We are up to 50 now!


----------



## alumking (Feb 27, 2006)

No excuses time to get in. We are up to 58 i have 1 still to post. Fully expect 60+. Cant wait to get back up there. Will be posting pre tourn meeting very soon. Everyone needs to be in the water 15 minutes before sunrise! More to come.

Thanks, Jami


----------



## alumking (Feb 27, 2006)

We are at 60! About all I want in a lake that is 1/2 its normal size. You have till fri to pay online then saturday at ramp it goes to 325.00 . Excited to get back up there and will do our best to run a great event! Good luck to all and thanks to some awsome sponsors who support all of you and believe in us as well.


jami


ps on updates at www.ombtt.com I have expected flight times etc.


----------



## WB185Ranger (May 18, 2006)

Could you please post the results sometime??


----------



## alumking (Feb 27, 2006)

Sorry it took so long we have had issues with wi fi at the hotel. Also we all got stuck in a traffic accident on 71 south for almost 2 hours! Not fun when you are already dead dog tired. It took us over 5 hours to get home so results would have to wait till today.
Results
http://www.ombtt.com/POG2012.pdf

Jami

PS Congrats to the team of Chris Hall/Chris Graham who fish SE/OH and one of Jamie Fabians partners. They always come up for some NOAA events and SEOLTT fish off every year at Mosquito. Fabian you taught him too much!(just kidding) Great gob Chris and Chris!

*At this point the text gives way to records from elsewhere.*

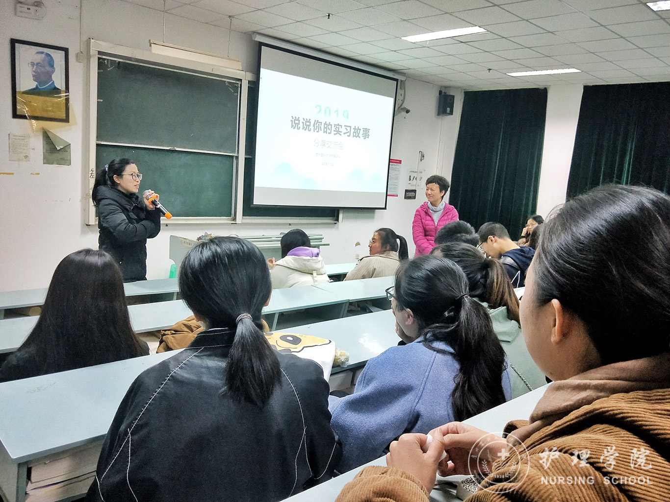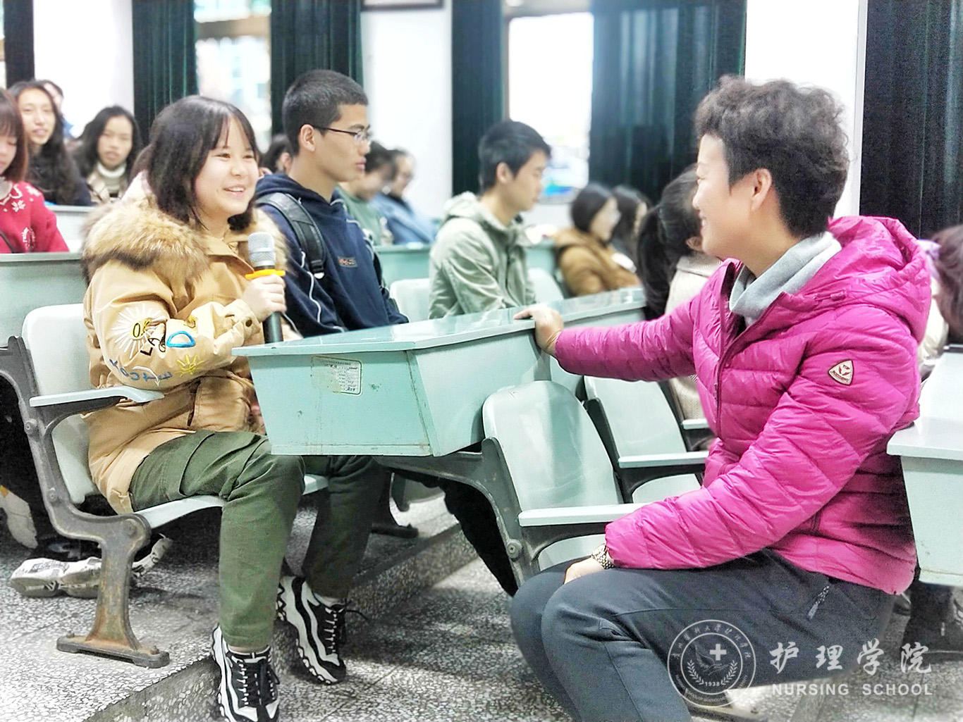 首先,王秀红用亲切平实的语言讲述了自己的实习故事,分享了她在实习中的所见所闻所感,重点讲述了在实习中遭遇逆境时,如何调适情绪,端正实习态度,迎难而上,顺利完成实习工作。此外,王秀红还讲述了自己如何慢慢适应岗位工作,找准定位,最后得到了领导、同事以及病人肯定,成为一名优秀护理工作人员的心路历程。接下来,同学们纷纷倾诉了自己在实习过程中遇到的困惑,毕丽为大家分享了作为患者就医的两次不同体验,让同学们感知站在患者的角度上看待护理工作。在听完同学们的倾诉和毕丽分享后,王秀红从职业特点、情绪调适、自我定位以及责任担当四个方面进行了总结,引导广大实习生树立正确的人生观、价值观,找准自己的角色定位,勇于担当,争做新时代优秀的护理人才。
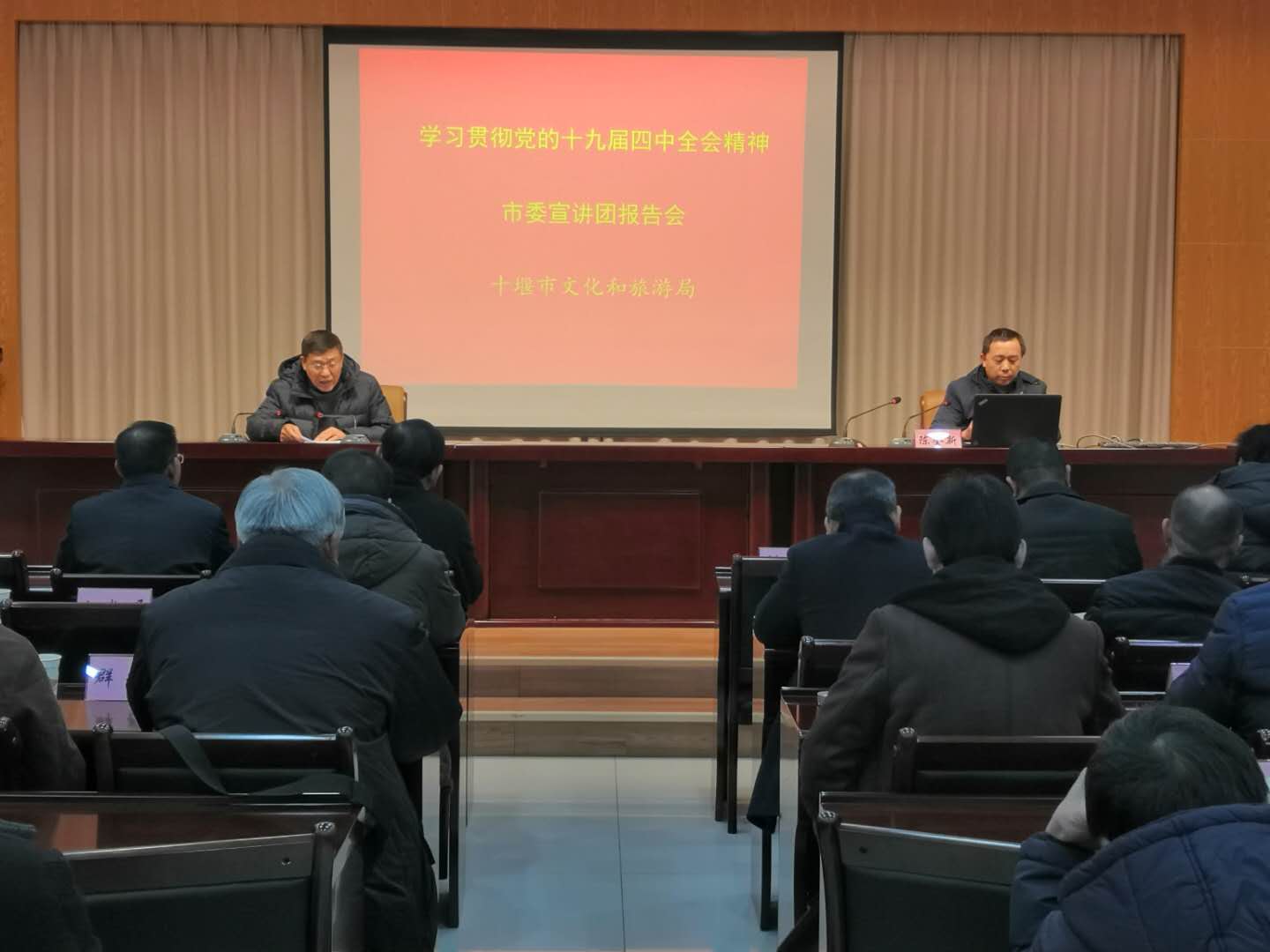 马院陈全新博士到市文化和旅游局宣讲党的十九届四中全会精神
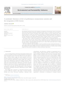 A systematic literature review of performance measurement systems and the integration of ESG factors.
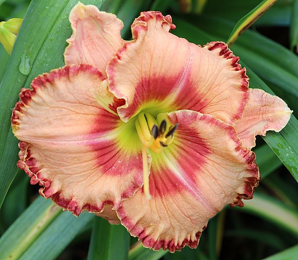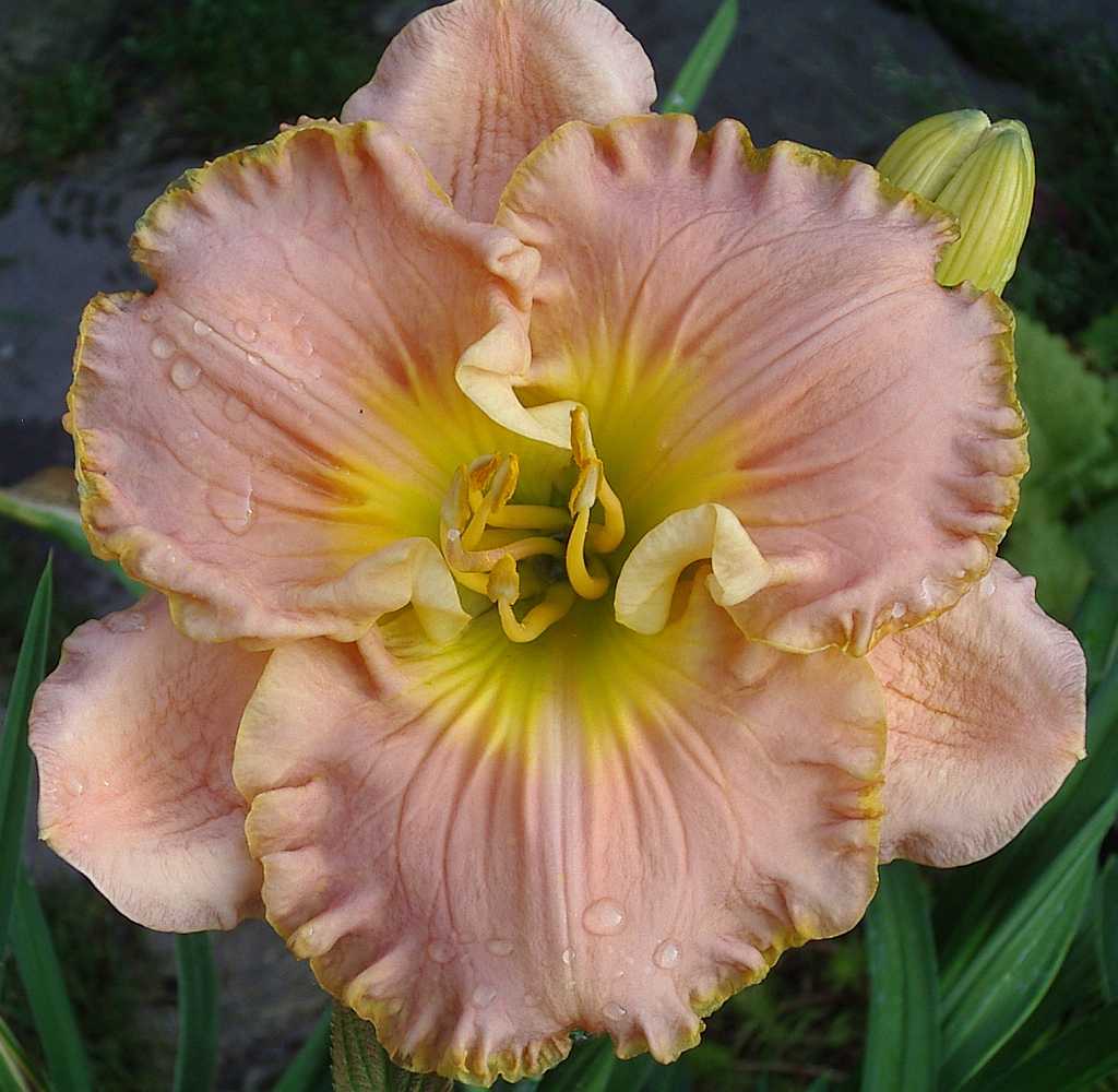 (Wilson 1995) DIP 60/12 SEV, pfirsich-pink, Schlund grün, (Whipped Peaches x Ruffled Masterpiece) 37 Kinder |
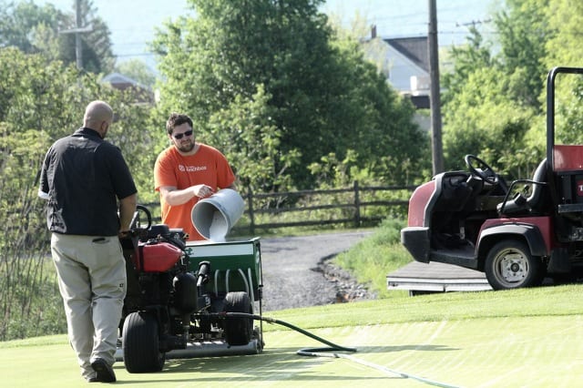 Phospholutions COO Ben Nason pours Rhizosorb into a spreader as it is applied to a green at the Penn State White Course on Thursday. Photo: Geoff Rushton/StateCollege.com
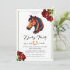 Moderno Race Horse Derby Fiesta Invitación ecuestre Moderna Carrera de Caballos Derby Invitación de fiesta con el ilustracion de un caballo de carreras con jockey y patrón a rayas en la espalda. Todos los elementos de texto se pueden cambiar para que este diseño pueda ser utilizado también para otros eventos: elegante invitación a boda ecuestre, fiesta de cumpleaños a caballo, fiesta de observación derby, apertura de establos y más. El fondo, el color del ilustracion y los colores del texto se pueden cambiar con la herramienta de diseño!
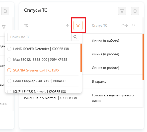 Для каждого столбца предусмотрен фильтр, который находится справа от заголовка столбца. С помощью фильтра в столбце "ТС" можно выбрать конкретное транспортное средство для быстрого поиска (см. рисунок 8).
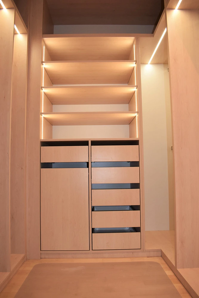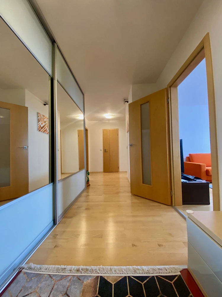 Dominantou tohoto bytu je dostatek úložného prostoru v podobě vestavěných skříní. V jednom z pokojů navíc můžete vstoupit do samostatného, osvětleného šatníku.
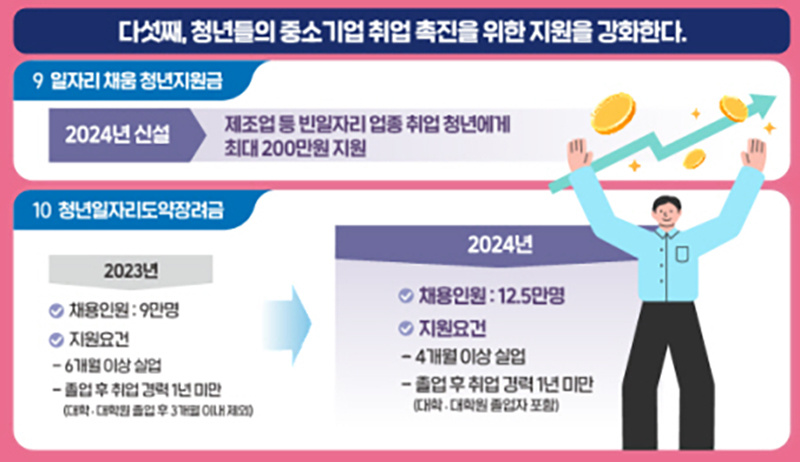 청년들의 중소기업 취업 촉진을 위한 지원을 강화하는데 제조업 등 빈일자리 업종 중소기업에 취업하는 청년은 3개월 차 100만 원, 6개월 차 100만 원 등 모두 200만 원을 지원받을 수 있다.
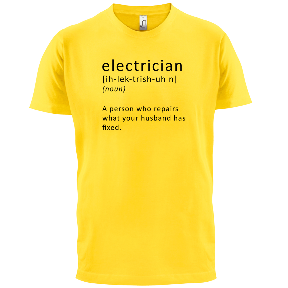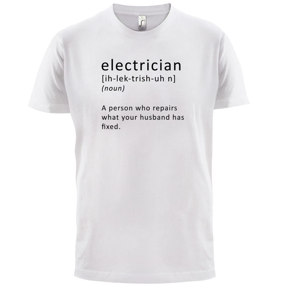 Mens Unisex T-Shirt, our men's Electrician Definition t shirt is printed onto our premium 190 GSM one piece crew neck t-shirt. Available in 10 Colours and from Size Small to XXL.
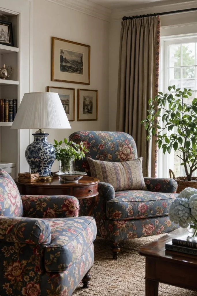 15. Create a Grandmillennial Sitting Room with Floral Armchairs
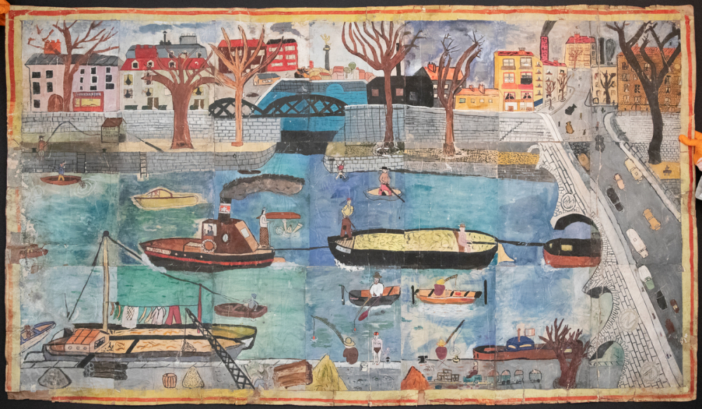 Notes : Fresque réalisée sous la direction du peintre Jean Lombard. Collection Lombard - Langevin. Vie très animée sur le fleuve et sur les quais.

Congrats to day 1 leader Moss/Balas who had the biggest bag of the event a 12+ LB bag. Got them 700+ in product and certificates.


----------



## ranger487 (Apr 5, 2005)

Thanks for a really well run event! we were almost able to pull it off but very happy with our 2nd place finish CONGRATS to the winners

Mark


----------



## Cull'in (Nov 21, 2005)

Well run show Jami, you have a great crew!


----------



## bassnnn (Feb 25, 2007)

Thanks Jami, tourney was very well run ! Weather even cooperated better than forcasted. Just wish I would had caught that 4 lbr cullin caught ! Well I guess a blind squirrel finds a nut sometimes


----------



## alumking (Feb 27, 2006)

Thanks guys we worked hard at this one. I see plenty room for improvemnt as well. It was a learning experiance but we are ready for 2013! I want to thank my crew Ed Huber/Rick Parsley/Wes Kemper/Luck Dennis/Chris Clemmence/Chris Hall/Chris Graham/Jamie Fabian/Steve Kirby we could never have pulled it off without their help.Too bad the fish were goofy! I seen so many fish that would not bite! Glad to see we got out 15 minutes early each day that shows what a great bunch of guys are the N/E part of the state! Thanks to all the sponsors as well we hope to have a better bigger event in 13.



Jami


----------



## qpan13 (May 30, 2010)

Thanks again for a well ran event Jami! We didn't do well at all either day. Lost two 3lb fish at the boat and that was huge. Next year can't come fast enough! Congrats ranger for the nice finish!!


----------